Art.9.- Ongeacht artikel 28 van het decreet van 31 augustus 1998 betreffende de opdrachten toevertrouwd aan de inrichtende machten en aan het schoolpersoneel en houdende algemene pedagogische en organisatorische bepalingen voor de gewone en gespecialiseerde scholen, artikel 3.12 van het decreet van 27 juni 2005 houdende oprichting van een [1 autonome hogeschool, artikel 16 van het decreet van 23 maart 2009 betreffende de organisatie van het deeltijdse kunstonderwijs]1 en artikel 41 van het besluit van de Regering van 27 juni 2013 betreffende de basisopleiding in het kader van de opleiding en de voortgezette opleiding in de middenstand en de KMO's worden de afwezigheden wegens de opschorting van de lessen naar aanleiding van de maatregelen om de verspreiding van het coronavirus (COVID-19) te beperken, beschouwd als gewettigde afwezigheden voor alle leerlingen, studenten en op te leiden personen die ingeschreven zijn in een van de door de Duitstalige Gemeenschap georganiseerde of gesubsidieerde scholen voor lager, secundair of [1 hoger onderwijs of in een kunstacademie]1 of in een centrum voor opleiding en voortgezette opleiding in de Middenstand en de KMO's.
  ----------
  (1)<DDG 2020-06-22/15, art. 143, 003; Inwerkingtreding : 16-03-2020>

Art. 9.1. [1 § 1 - De raden van bestuur van de instellingen van openbaar nut vermeld in artikel 87 van het decreet van 25 mei 2009 houdende het financieel reglement van de Duitstalige Gemeenschap kunnen bij beslissing van de voorzitter van de raad van bestuur vergaderen, beraadslagen en besluiten via telefoonconferentie, videoconferentie of andere elektronische communicatiemiddelen die de veiligheid van de elektronische communicatie waarborgen.
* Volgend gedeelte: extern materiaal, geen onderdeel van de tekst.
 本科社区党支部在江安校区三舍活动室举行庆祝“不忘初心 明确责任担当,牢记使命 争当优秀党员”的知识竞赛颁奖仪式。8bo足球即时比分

   Het communicatiemiddel moet elke bestuurder en de andere deelnemers in staat stellen om rechtstreeks, gelijktijdig en voortdurend kennis te nemen van de beraadslagingen, actief deel te nemen aan de beraadslagingen en te stemmen over alle punten waarover de vergadering een besluit moet nemen.
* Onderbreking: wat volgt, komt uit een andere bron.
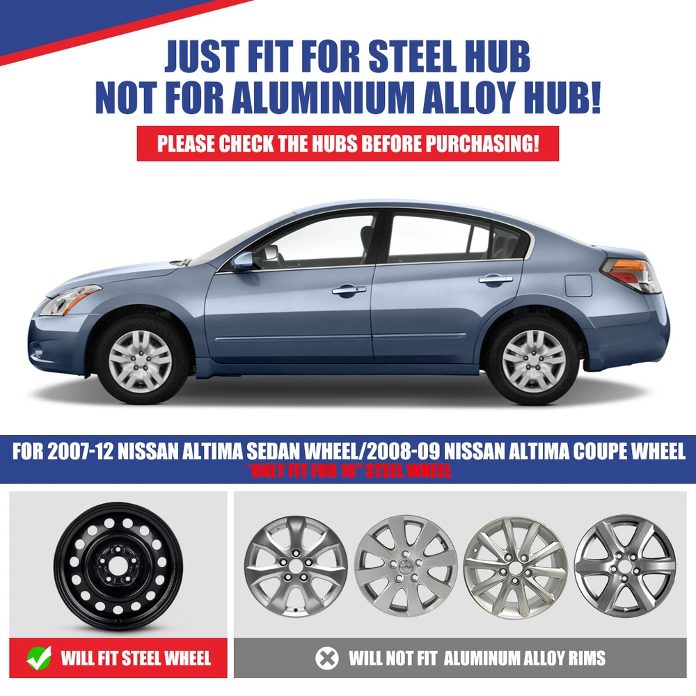 4x 16" Wheel Rim Cover for 2007-2012 Nissan Altima/2008-2009 Nissan Altima Coupe Fitement: For 2007-2012 Nissan Altima/2008-2009 Nissan Altima Coupe Description: π Fits: For 2007-2012 Nissan Altima/2008-2009 Nissan Altima Coupe. π Seamless OEM Fit: Precision-engineered to match the exact specifications of your vehicle's original hubcaps, ensuring a flawless fit that seamlessly integrates with your car's design. π Durable Construction: Crafted from high-quality materials for enhanced durability, our replacement hubcaps are built to withstand daily wear and tear, providing long-lasting performance and protection. π Enhanced Aesthetics: Restore the sleek, factory-fresh look of your vehicle with our OEM replacement hubcaps, designed to maintain the aesthetic appeal of your car while covering unsightly wheel components. π Cost-Effective Solution: Save on dealership prices without compromising on quality. Our hubcaps offer a budget-friendly alternative to OEM parts, giving you a reliable and affordable replacement option. Specification: Quantity: 4 PCS Material: ABS Color: Black Wheel Size: 16 inch Finish: Glossy Placement on VehicleοΌFront/Left/Rear/Right Package Included: 1 Set Hubcaps οΌ4Pcs/SetοΌ Payment Delivery details Terms of sales About us Contact us Payment π We accept PayPal (Recommended), credit card, VISA, Google Pay & Discover etc. π Please submit your payment within 7 days after your purchase. π If not, eBay will automatically open an Unpaid Item Dispute on our behalf if the item(s) are not paid within 7 days. Delivery details π Please double check your delivery address and contact information. π All items will be shipped within 1 business days after payment received. π Tracking numbers will be easily accessible ASAP they are created and processed. Terms of sales π Free 30 days Return, we will cover the return post fee. π If a defective product was received, please do not hesitate to message us via eBay message. π We will response in 24 hours in business to resolve the problem π We stand behind our products. Items can be returned for exchange or full refund within 30 days from the date you receive. About us π Wolfstorm has a huge warehouse and office located in the United States. π All US domestic 48 states customers are able to benefit from the FREE SHIPPING services. π Our experienced, professional customer service representatives offers prompt and courteous service. π Best quality products, outstanding services and professional experience keep our customers. Contact us π Please feel free to contact us if you have any problems. π Emails will be replied within 24 hours in working days. π After hours emails will be replied on the next business day. On Jan 8, 2025 at 02:19:08 PST, seller added the following information:

   De uitnodigingen voor de vergadering van de raad van bestuur bevatten een beschrijving van de manier waarop aan die vergadering op afstand kan worden deelgenomen. De bestuurder en regeringscommissaris die via dat communicatiemiddel aan de vergadering van de raad van bestuur deelneemt, wordt als aanwezig beschouwd voor de naleving van de voorschriften inzake aanwezigheid en meerderheid.
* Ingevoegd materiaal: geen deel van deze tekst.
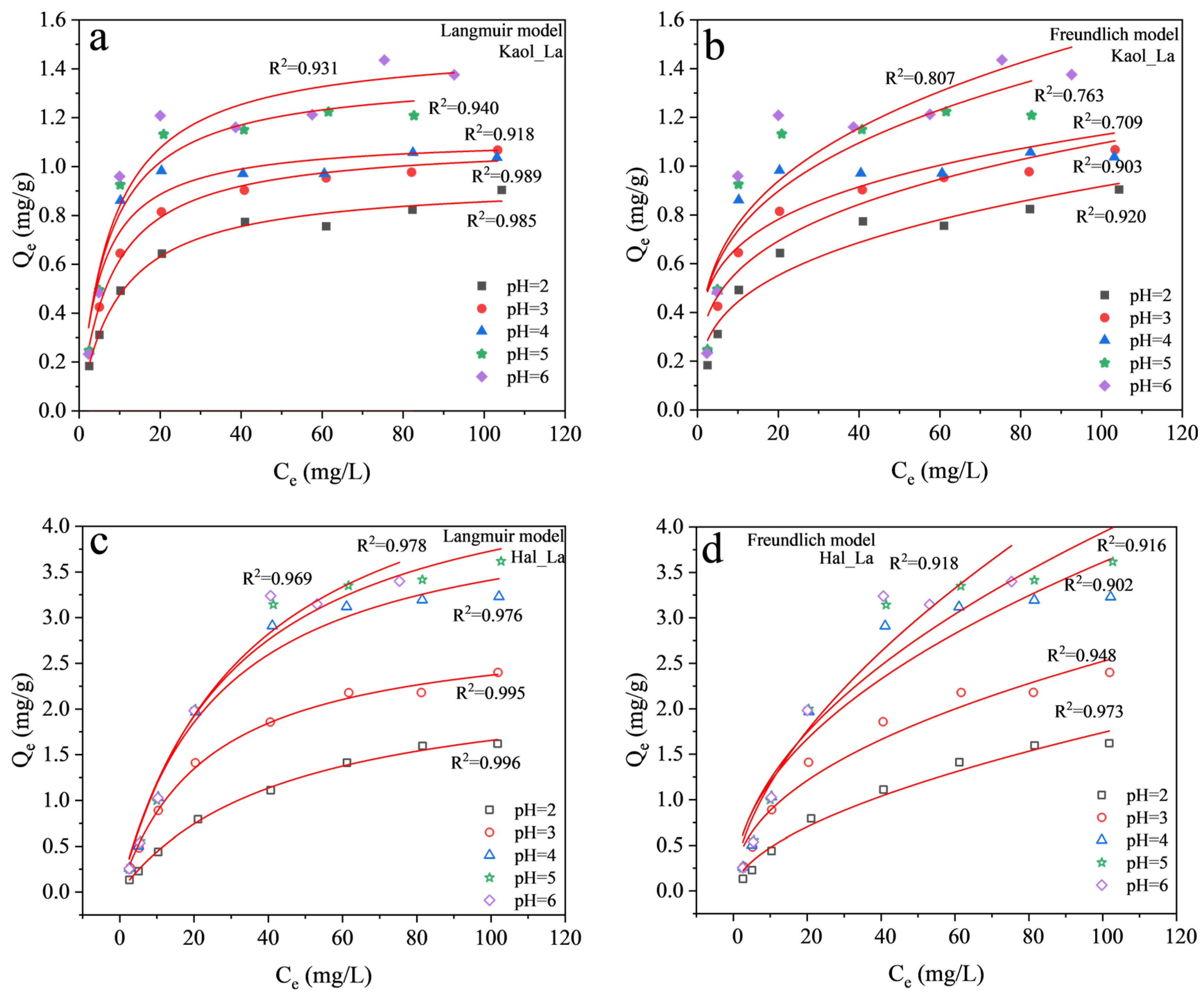 Isothermal adsorption curves fitted by the Langmuir model (a,c) and Freundlich model (b,d) for La3+ adsorption on kaolinite (a,b) and halloysite (c,d) at different pH values (2.0, 3.0, 4.0, 5.0, and 6.0).

   In de notulen van de vergadering van de raad van bestuur worden de eventuele technische problemen en incidenten vermeld die de deelneming aan de vergadering van de raad van bestuur en/of aan de elektronische stemming verhinderd of verstoord hebben.
   De regeringscommissaris moet uitgenodigd worden om aan die vergadering op afstand deel te nemen.
   § 2 - Met behoud van de toepassing van § 1 kunnen de raden van bestuur ook teruggrijpen op een schriftelijke procedure via elektronische communicatie en dit voor alle beslissingen die binnen hun bevoegdheid vallen. Beslissingen die via een schriftelijke procedure tot stand komen, moeten met eenparigheid van stemmen worden genomen.
   De raden van bestuur leggen in hun huishoudelijk reglement vast hoe de schriftelijke procedure via elektronische communicatie precies verloopt.]1
  ----------
  (1)<Ingevoegd bij DDG 2020-04-27/06, art. 7, 002; Inwerkingtreding : 26-03-2020>


Art. 9.2. [1 Op voorlegging van de desbetreffende bewijsstukken betaalt de Regering aan de gewone en gespecialiseerde scholen in de Duitstalige Gemeenschap de werkelijke kosten terug die door de coronagerelateerde annulatie van meerdaagse schoolreizen zijn ontstaan.]1
  ----------
  (1)<Ingevoegd bij DDG 2020-06-22/15, art. 144, 003; Inwerkingtreding : 24-02-2020>


Art.10. - Zolang de maatregelen die bij dit crisisdecreet werden besloten, van kracht zijn, houdt de Regering het Parlement wekelijks in het kader van een uitwisseling op de hoogte van de door haar geplande en ondernomen stappen, alsook van de daarmee gepaard gaande kosten.

HOOFDSTUK 5. - Slotbepaling
Art. 11. - Dit decreet heeft uitwerking met ingang van 26 maart 2020.
  In afwijking van het eerste lid heeft artikel 2, § 1, tweede lid, uitwerking met ingang van 18 maart 2020.